A côté de ces acteurs «historiques» se développent des innovations sociales sur le Web qui sont autant d'opportunités pour les entreprises, les associations et les professions libérales de développer leur activité et leurs réseaux. Ces innovations révolutionneront demain leur façon d'interagir les unes avec les autres et seront un indispensable levier de leur compétitivité pour trois raisons principales :
Amélioration de la productivité. Une étude McKinsey montre que la transposition au sein des entreprises de réseaux sociaux sur le modèle de Facebook permettrait d'accroître leur productivité de 20 à 25%. Les activités de marketing, de développement de produit, de vente et le service après-vente en bénéficieraient particulièrement, grâce à l'amélioration des processus collaboratifs au sein des entreprises et entre les entreprises partenaires. C'est par les réseaux sociaux B to B que se feront les mises en concurrence pour les appels d'offres. C'est aussi via les réseaux sociaux que les acteurs économiques feront connaître de façon ciblée leurs nouveaux produits et services. C'est enfin sur les réseaux sociaux que se mettront en place les plates-formes d'achat groupé.
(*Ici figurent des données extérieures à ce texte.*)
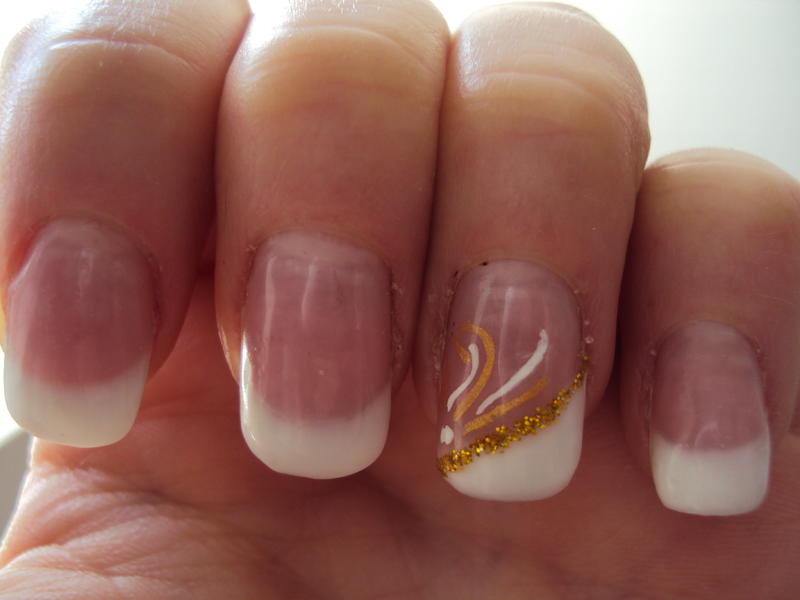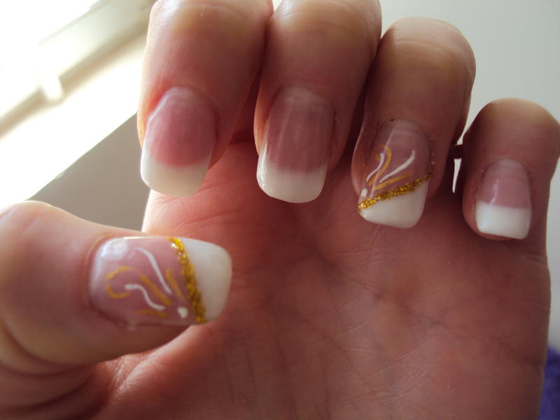 voici donc ma 3è pose avec une petite déco faite à l'acrylique (problème : j'ai fait ma pose hier et l'acrylique commence déjà à s'effacer par endroit:arghh: je ne sais pas pourquoi, pourtant je repasse plusieurs fois dessus au pinceau!)

Accélération de la dématérialisation. Les réseaux sociaux sont un outil extraordinaire pour dématérialiser son activité dès lors que la confidentialité et la sécurité sont respectées. L'expert-comptable peut partager via des plateformes collaboratives fiches de paie et bilans, ou l'agence de publicité ses fichiers d'exécution avec son imprimeur. Deux intérêts principaux pour l'entreprise : pas de limite de poids des fichiers et un contrôle absolu sur l'accès aux fichiers. Les solutions de stockage de documents en ligne, enjeu du «cloud», ne sauront se passer des réseaux sociaux, car le stockage des données ne peut plus être envisagé sans la question de leur partage. Bientôt, ce sont les devis et les factures qui seront dématérialisés, les réseaux sociaux permettant de les générer automatiquement. Ensuite, ce seront les paiements qui se feront sur ces plates-formes, permettant le paiement et le suivi des relations clients/fournisseurs en temps réel.
Développement de la visibilité sur le Web. Les réseaux sociaux sont une solution simple et peu coûteuse pour maximiser son référencement. Un profil d'entreprise sur un réseau social est souvent plus payant en termes de référencement que son propre site Internet ! Un réseau social professionnel présente aussi des avantages considérables par rapport aux annuaires professionnels de référence : il est mis à jour en temps réel par l'utilisateur. Surtout, les réseaux sociaux professionnels sont désormais à considérer comme des annuaires qualifiés pour chaque utilisateur, qui construit petit à petit son carnet d'adresses personnel à partir de la base de données du réseau social, son réseau devenant une source qualifiée de prospection.
Convaincre les chefs d'entreprise que l'utilisation raisonnée et pensée des réseaux sociaux sera bientôt indispensable à leur développement, et même à leur survie, est un enjeu qui doit être soutenu par les pouvoirs publics. Le gouvernement français, en rassemblant PME, innovation et numérique dans un même ministère, a montré une acuité certaine sur le sujet. Il convient maintenant de soutenir l'innovation pour permettre de développer des solutions d'avenir qui permettront – enfin – aux entreprises françaises de profiter de ces nouveaux leviers de compétitivité.